Een les voor Eddy Boutmans

Op een luxueuze VN-top in Johannesburg buigt de wereldbureaucratie zich vanaf 26 augustus over duurzame ontwikkeling en armoedebestrijding. Zeshonderd kilometer verder, in de townships van Bloemfontein, toont een project hoe ‘ontwikkelingssamenwerking’ wél kan werken. Staatssecretaris voor Ontwikkelingssamenwerking Eddy Boutmans én de investeerders kunnen er wat van leren.Bloemfontein, Botshabelo (Zuid-Afrika).

Bloemfontein, Botshabelo (Zuid-Afrika).

Beeld u in dat alles wat telt aan officiële en financiële instellingen uit het centrum van Brussel wegtrekt naar Vilvoorde of Waterloo. Dát is Sandton, de chique buitenwijk van Johannesburg waar van 26 augustus tot 4 september de wereldtop voor Duurzame Ontwikkeling en Armoedebestrijding plaatsvindt. Het zegt veel over deze top. Want uitgerekend Sandton belichaamt de vlucht vooruit van de rijken, de banken en de grote bedrijven. Weg uit de oprukkende armoede en criminaliteit in het centrum van de hoofdstad, waar onder meer het ooit vermaarde luxehotel Carlton met zijn vijftig etages leeg achterblijft, ten prooi aan de huizenkrakers.

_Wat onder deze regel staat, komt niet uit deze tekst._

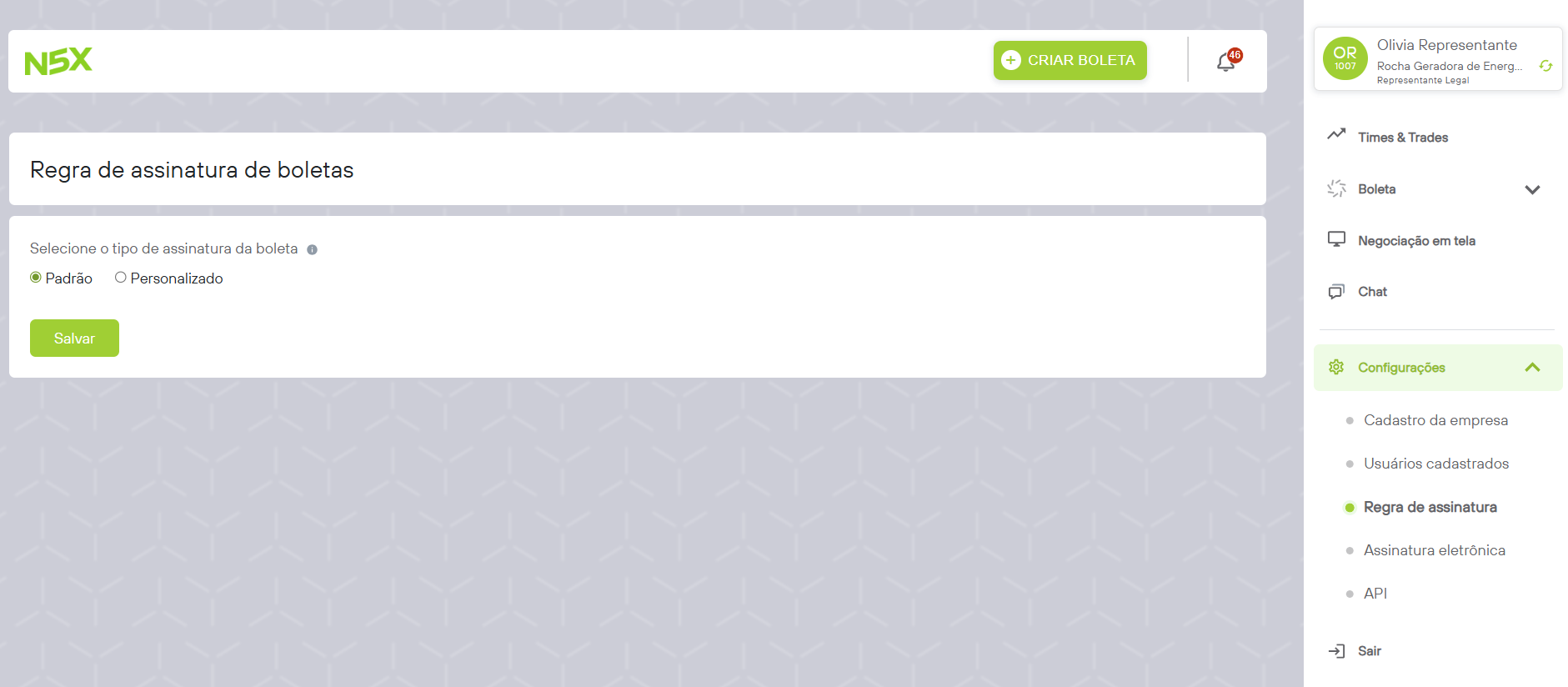 Regra Personalizada: o Representante Legal tem acesso apenas às boletas que já foram validadas previamente pela mesa, focando exclusivamente no fechamento do negócio e evitando retrabalho.

“Ze hadden het hele circus voor die internationale topbijeenkomst ergens halfweg tussen de townships van Bloemfontein en Botshabelo moeten neerplanten, liefst in ijzeren prefabcontainers. Zonder stromend water en met petroleumlampen,” schampert meubelmaker Charly Tsiki uit de Mangaung-sloppen rond Bloemfontein. “Dan pas zouden de ministers en professionele ontwikkelingshelpers iets beginnen te snappen van armoede en ontwikkeling.”

Hulp wordt ondergeschikt

De omgeving van Bloemfontein is een desolate vlakte, onder een schroeiende zon, onderbroken door kleine heuveltjes of koppies (bergkopjes in het Afrikaans). Kleine taxibusjes rijden af en aan met dagloners of werkzoekenden, van Botshabelo naar Bloemfontein. In de townships van de hoofdstad van de Vrij Staat leven 800.000 mensen. De werkloosheid loopt er op tot 70%. Maar geleidelijk wordt de hoop op een betere toekomst er omgebogen tot zelfvertrouwen om het lot in eigen handen te nemen. Dankzij het MUCPP-project.

MUCPP staat voor Mangaung – University of the Free State Community PartnershipProgram, en ontstond in 1991 met financiële steun van de Amerikaanse W.K. Kellogg Foundation. “Het project wordt gedragen en verder uitgebouwd door de bewoners van de township. Aanvankelijk stonden buitenlandse sponsors centraal, maar die zijn naar de periferie verdrongen,” zegt Doreen Medupe, verantwoordelijk voor logistiek en administratie van MUCPP. “Hulp blijft uiteraard welkom, maar de bevolking beslist hoe en waar hij wordt aangewend. Die externe hulp is tegenwoordig complementair aan de inspanningen die de township doet om zich te ontwikkelen.”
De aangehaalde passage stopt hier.